--- EXTRACTED ENTRIES ---

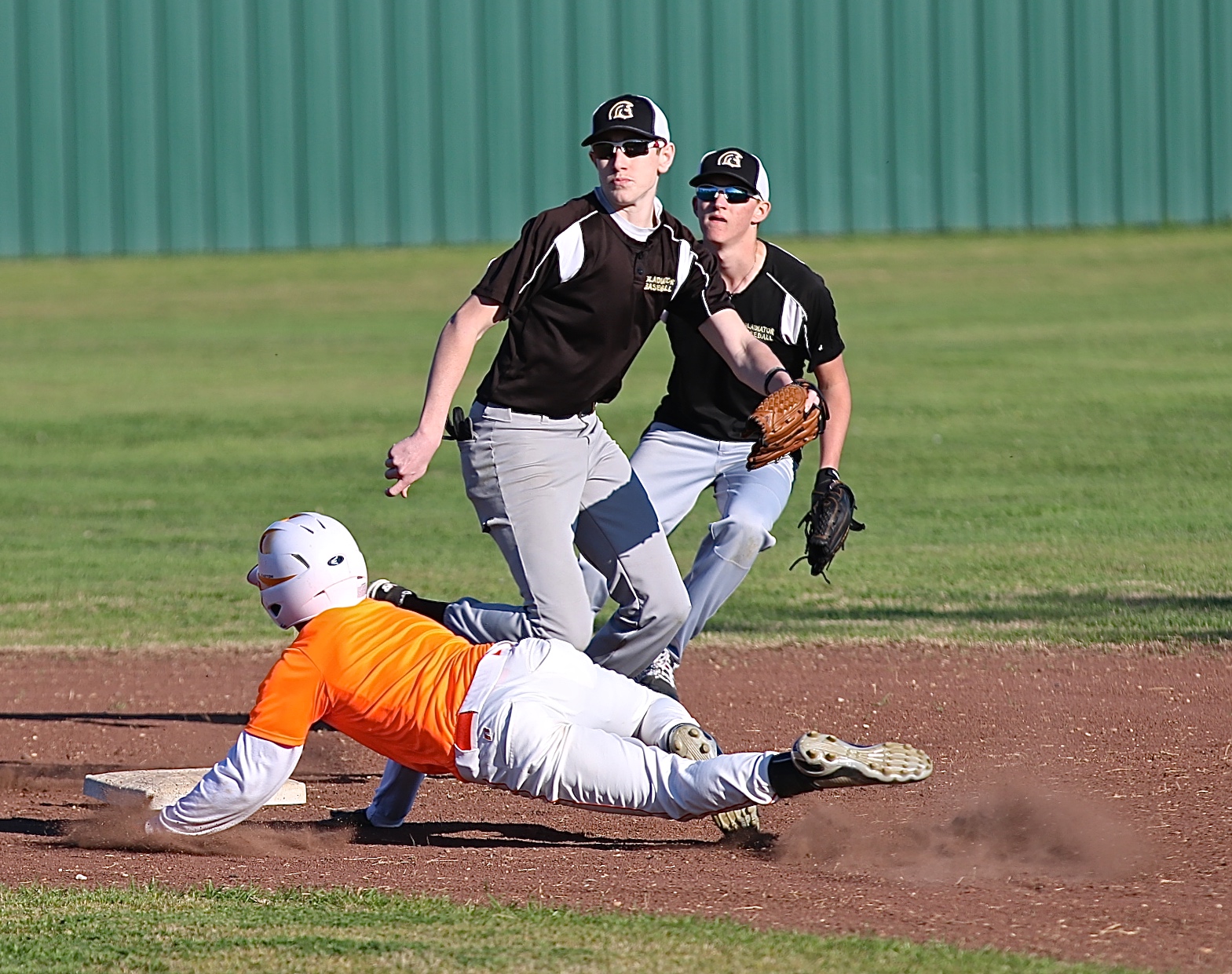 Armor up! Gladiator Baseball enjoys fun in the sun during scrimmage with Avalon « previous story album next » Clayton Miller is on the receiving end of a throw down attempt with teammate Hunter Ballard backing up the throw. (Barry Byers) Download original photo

---
--- EXTRACTED ENTRIES ---

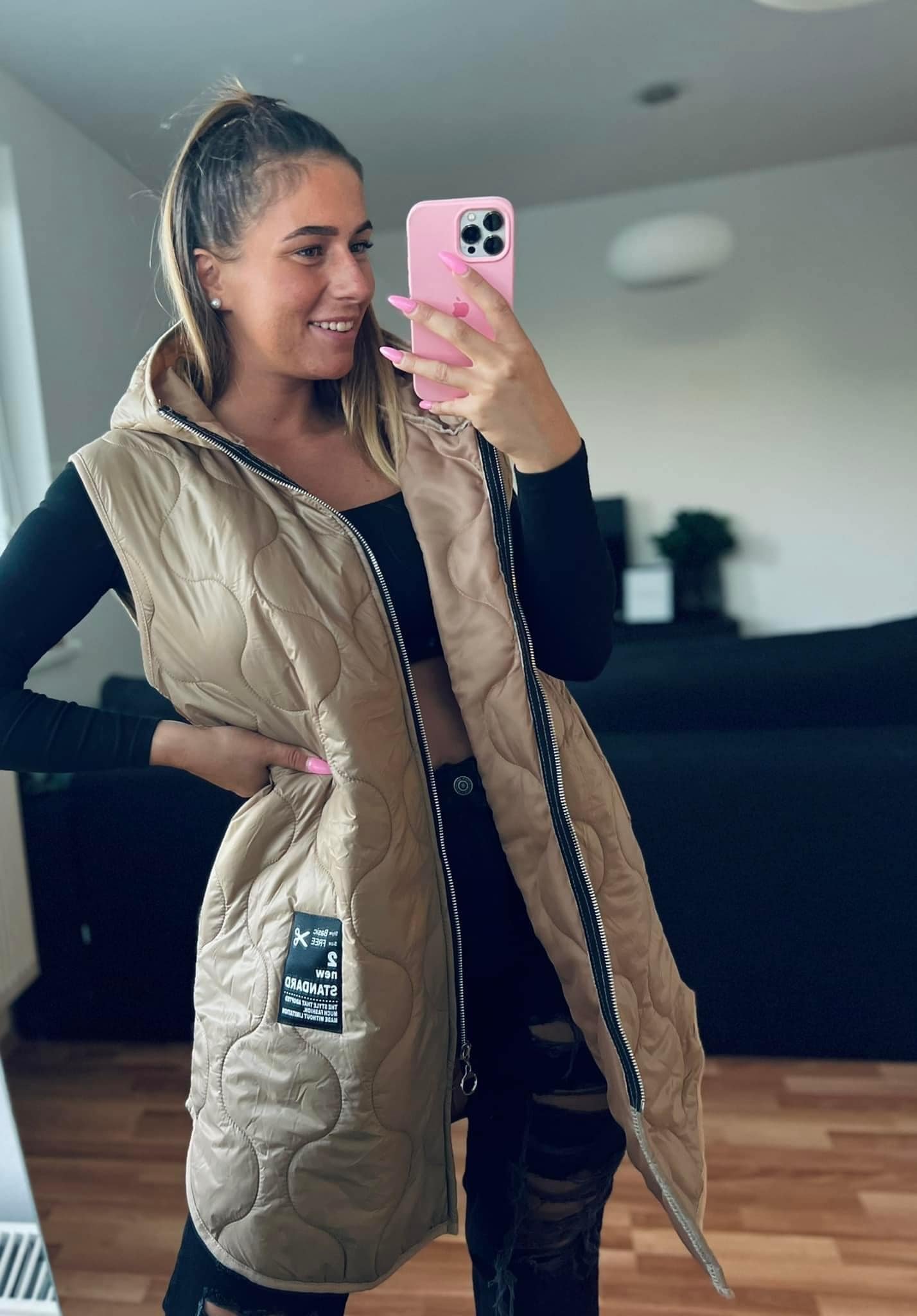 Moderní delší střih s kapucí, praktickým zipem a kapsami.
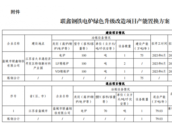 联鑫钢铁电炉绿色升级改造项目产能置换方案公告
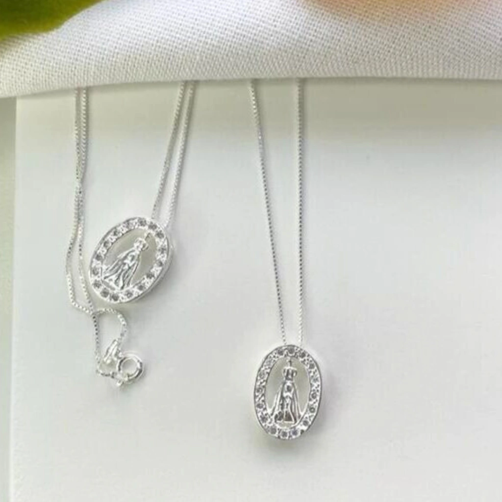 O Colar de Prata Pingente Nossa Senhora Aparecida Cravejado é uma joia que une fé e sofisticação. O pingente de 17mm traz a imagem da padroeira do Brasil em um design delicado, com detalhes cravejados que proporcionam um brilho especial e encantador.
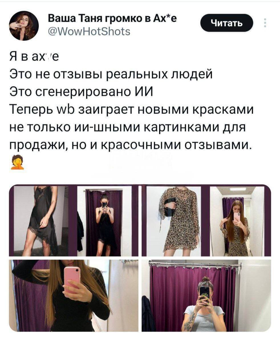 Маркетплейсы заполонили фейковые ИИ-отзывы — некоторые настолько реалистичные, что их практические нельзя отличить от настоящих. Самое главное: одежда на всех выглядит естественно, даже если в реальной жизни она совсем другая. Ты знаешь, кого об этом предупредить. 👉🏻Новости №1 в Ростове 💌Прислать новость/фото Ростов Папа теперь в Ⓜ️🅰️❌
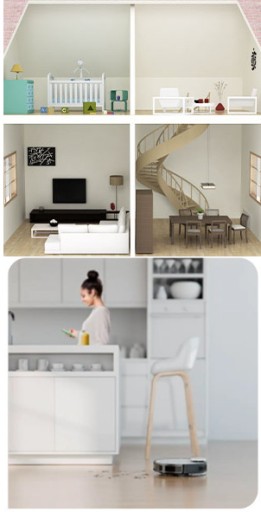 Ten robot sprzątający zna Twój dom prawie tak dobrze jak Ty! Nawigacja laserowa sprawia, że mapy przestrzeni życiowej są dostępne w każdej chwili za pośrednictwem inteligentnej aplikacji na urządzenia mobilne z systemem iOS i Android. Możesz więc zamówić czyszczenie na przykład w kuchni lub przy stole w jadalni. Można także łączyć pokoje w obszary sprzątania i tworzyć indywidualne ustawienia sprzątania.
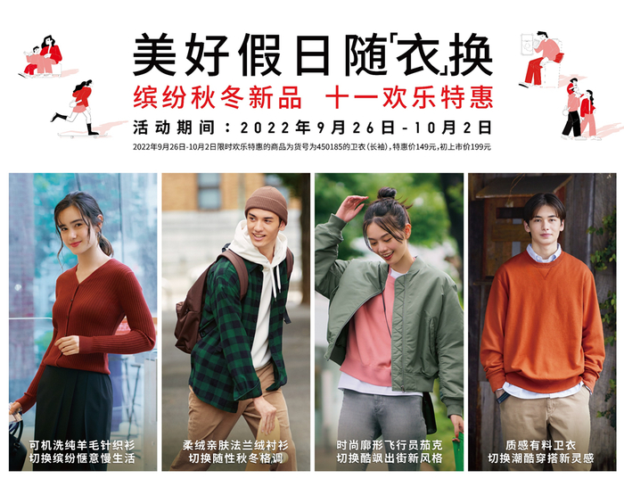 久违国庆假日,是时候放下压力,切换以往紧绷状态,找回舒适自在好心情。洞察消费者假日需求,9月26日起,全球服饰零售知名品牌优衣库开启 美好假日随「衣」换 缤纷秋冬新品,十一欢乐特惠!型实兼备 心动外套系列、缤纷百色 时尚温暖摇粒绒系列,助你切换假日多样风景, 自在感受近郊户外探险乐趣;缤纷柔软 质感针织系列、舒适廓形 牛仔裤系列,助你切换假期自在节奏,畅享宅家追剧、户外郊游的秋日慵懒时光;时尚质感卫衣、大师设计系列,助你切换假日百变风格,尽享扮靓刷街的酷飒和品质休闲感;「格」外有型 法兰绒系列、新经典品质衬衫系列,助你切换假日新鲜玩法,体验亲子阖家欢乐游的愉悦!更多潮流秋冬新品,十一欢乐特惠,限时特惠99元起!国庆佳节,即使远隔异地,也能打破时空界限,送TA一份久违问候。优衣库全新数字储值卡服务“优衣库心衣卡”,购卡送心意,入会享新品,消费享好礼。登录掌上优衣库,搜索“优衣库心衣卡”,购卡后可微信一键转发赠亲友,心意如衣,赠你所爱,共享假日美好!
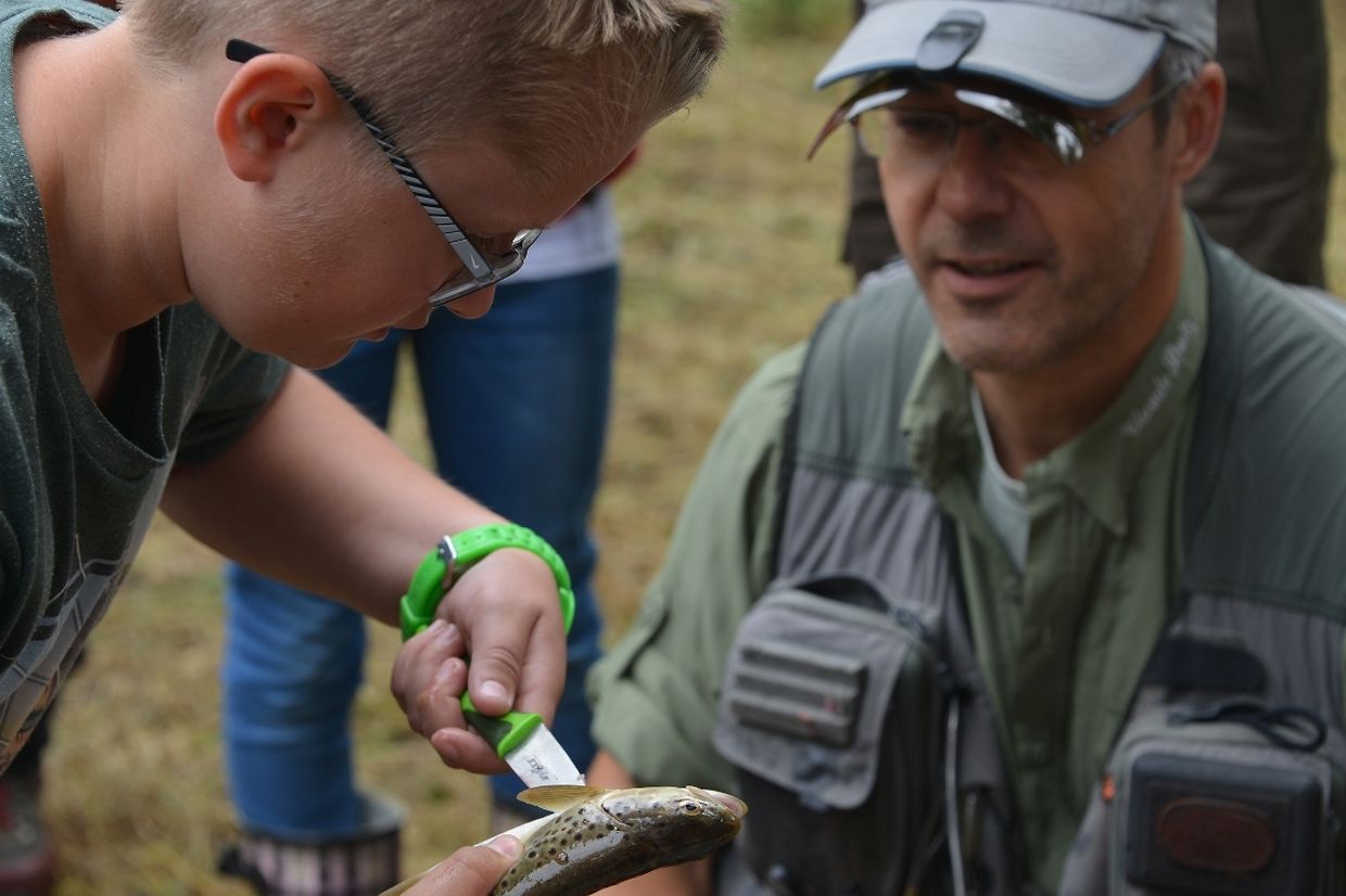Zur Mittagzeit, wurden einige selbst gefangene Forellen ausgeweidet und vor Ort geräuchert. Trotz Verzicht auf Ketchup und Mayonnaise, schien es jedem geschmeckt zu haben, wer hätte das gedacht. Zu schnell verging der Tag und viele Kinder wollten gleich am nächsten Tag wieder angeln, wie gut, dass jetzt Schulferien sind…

---

TASK TO COMPLETE
Exactly the lines above, from the one containing "Маркетплейсы заполонили фейковые" down to the one containing "Ten robot sprzątający", are to be repeated, including both ends. Pictures are not part of the copy.

RESPONSE TO THE TASK
 Маркетплейсы заполонили фейковые ИИ-отзывы — некоторые настолько реалистичные, что их практические нельзя отличить от настоящих. Самое главное: одежда на всех выглядит естественно, даже если в реальной жизни она совсем другая. Ты знаешь, кого об этом предупредить. 👉🏻Новости №1 в Ростове 💌Прислать новость/фото Ростов Папа теперь в Ⓜ️🅰️❌
 Ten robot sprzątający zna Twój dom prawie tak dobrze jak Ty! Nawigacja laserowa sprawia, że mapy przestrzeni życiowej są dostępne w każdej chwili za pośrednictwem inteligentnej aplikacji na urządzenia mobilne z systemem iOS i Android. Możesz więc zamówić czyszczenie na przykład w kuchni lub przy stole w jadalni. Można także łączyć pokoje w obszary sprzątania i tworzyć indywidualne ustawienia sprzątania.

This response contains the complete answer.